▸ **Stored data**:
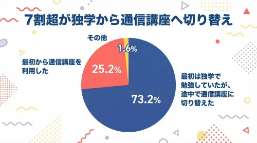「最初から通信講座を利用した」という25.2%を大きく上回り、多くの合格者が独学の限界を感じて講座利用に踏み切っている実態が明らかになった。
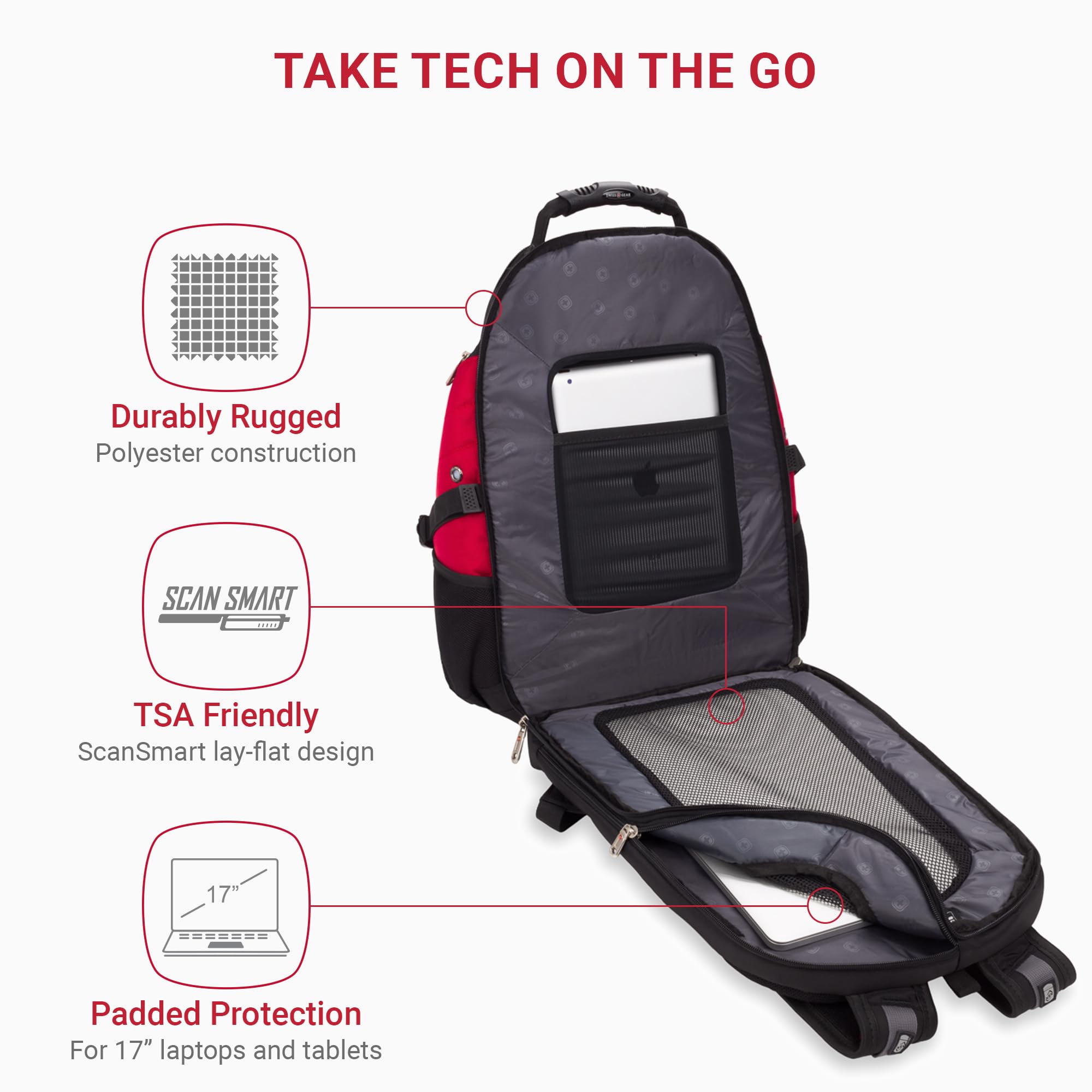 Description The SWISSGEAR 1900 ScanSmart TSA Laptop Backpack is built for professionals, students, and travelers who need durability, smart organization, and travel-ready functionality in a reliable everyday backpack. Constructed from rugged 1200D polyester fabric, this backpack is designed to withstand daily use while maintaining a clean, structured look. The ScanSmart lay-flat compartment allows for faster airport security screening and is designed to fit most 17-inch laptops, along with tablets up to 10 inches. Dedicated protective sections help keep devices secure, while multiple compartments and internal organization provide space for accessories, chargers, and everyday essentials. With overall dimensions of 19 x 14.25 x 9 inches and a 31L capacity, this backpack offers ample storage for work, school, or travel. The expandable storage layout and thoughtfully designed pockets make it easy to stay organized throughout the day. Comfort-focused features include a padded airflow back panel and ergonomic shoulder straps for ventilation and support during extended wear. Additional travel-ready details such as an RFID-blocking pocket and trolley sleeve allow for seamless travel and added security. Backed by a 5-year warranty, the SWISSGEAR 1900 ScanSmart Laptop Backpack delivers dependable performance, durable construction, and versatile functionality for everyday use and travel.
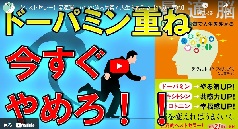 この動画は、ベストセラー本最適脳 6つの脳内物質で人生を変えるを要約したものです。本書の内容を実践することで、これらの脳内物質を効果的に作り出し、人生を良い方向へと導くことができます。6つの脳内物質人間の脳内に存在する6つの神経伝達物質(ドーパミン、オキシトシン、セロトニン、コルチゾール、エンドルフィン、テストステロン)がどのように私たちの思考や行動に影響を与えるかを解説しています。また、これらの神経伝達物質を効果的に活用する方法についても紹介されています。ドーパミンの落とし穴ドーパミンは、私たちにやる気やモチベーションを与え、行動を起こすためのエネルギーを提供する神経伝達物質です。しかし、ドーパミンには落とし穴があります。ドーパミンは、活動前や活動中に分泌されますが、活動後は分泌量が減少します。そのため、同じ刺激を繰り返し受けると、次第にドーパミンが分泌されなくなり、やる気が低下してしまうのです。現代社会では、SNSやゲーム、甘いお菓子など、ドーパミンを刺激するものが多く存在するため、知らないうちにドーパミンが枯渇してしまい、無気力や精神的な不安定さを引き起こしてしまう可能性がありま...
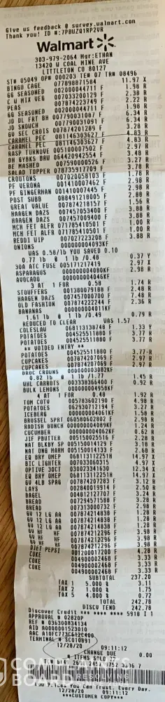 Purchased 12/28/2020 at WalmartSuper store, $4.83. See receipt and photo of package with bar code on it.
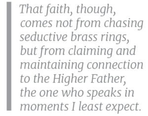 Indeed, to move ahead, we must look back—maybe using a form of narrative therapy Ms. Lonc employs, maybe sharing with a friend, as I did with mine. But we can’t stay stuck there. And that means, for me at least, looking beyond the disease and reaching, stretching, confident that, yes, this time everything will be fine, in fact everything is fine, right here, right now, whatever distractions or delusions may try to shake that belief. That faith, though, comes not from chasing seductive brass rings, but from claiming and maintaining connection to the Higher Father, the one who speaks in moments I least expect.
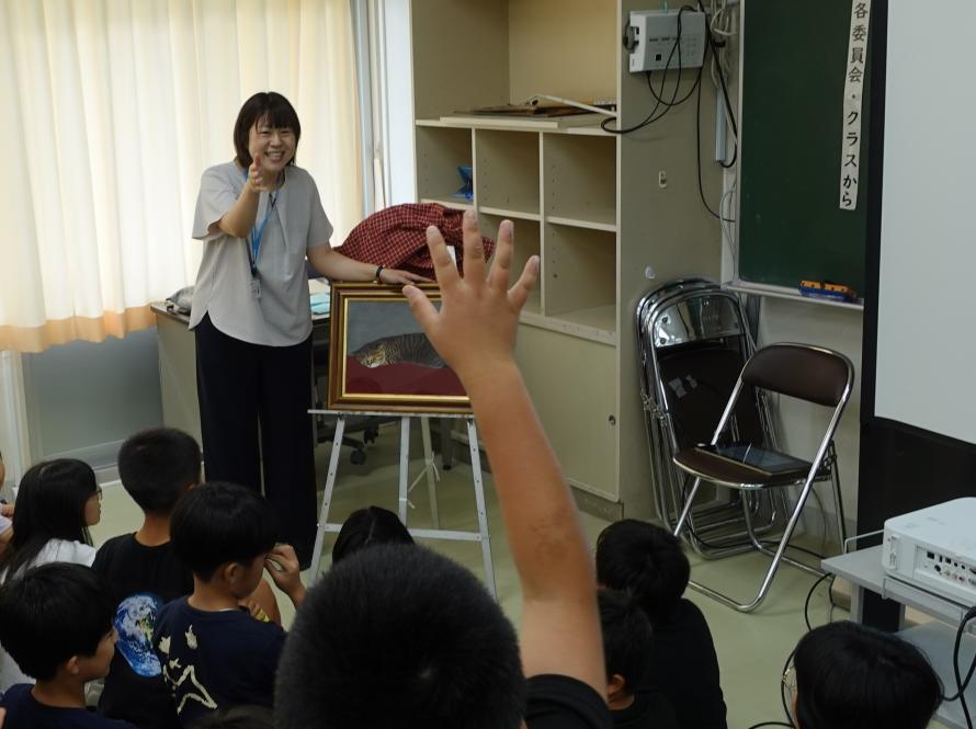 次に、布で隠した作品の前に児童を集め、どんな猫が描かれているかを想像してもらい、その後、長谷川潾二郎《猫》を紹介しました。作品を見て気付いたことや、想像したことを自由に発言してもらいながら、対話を交えてじっくり鑑賞しました。「どんな気持ちで描いたかな」という問いかけをすることで作者が愛猫を描いた思いにも着目してもらいました。児童からは「家に猫がいて、猫が可愛かったから描いた」「家で大事に飼っていた猫を描いた」など作品から感じたことや自分の経験をもとに発言していました。

▸ **What you are asked to do**:
Only the lines from the one containing "Purchased 12/28/2020 at" through the final line of the listing should be reproduced, exactly and with no pictures.

▸ **Output for this task**:
 Purchased 12/28/2020 at WalmartSuper store, $4.83. See receipt and photo of package with bar code on it.
 Indeed, to move ahead, we must look back—maybe using a form of narrative therapy Ms. Lonc employs, maybe sharing with a friend, as I did with mine. But we can’t stay stuck there. And that means, for me at least, looking beyond the disease and reaching, stretching, confident that, yes, this time everything will be fine, in fact everything is fine, right here, right now, whatever distractions or delusions may try to shake that belief. That faith, though, comes not from chasing seductive brass rings, but from claiming and maintaining connection to the Higher Father, the one who speaks in moments I least expect.
 次に、布で隠した作品の前に児童を集め、どんな猫が描かれているかを想像してもらい、その後、長谷川潾二郎《猫》を紹介しました。作品を見て気付いたことや、想像したことを自由に発言してもらいながら、対話を交えてじっくり鑑賞しました。「どんな気持ちで描いたかな」という問いかけをすることで作者が愛猫を描いた思いにも着目してもらいました。児童からは「家に猫がいて、猫が可愛かったから描いた」「家で大事に飼っていた猫を描いた」など作品から感じたことや自分の経験をもとに発言していました。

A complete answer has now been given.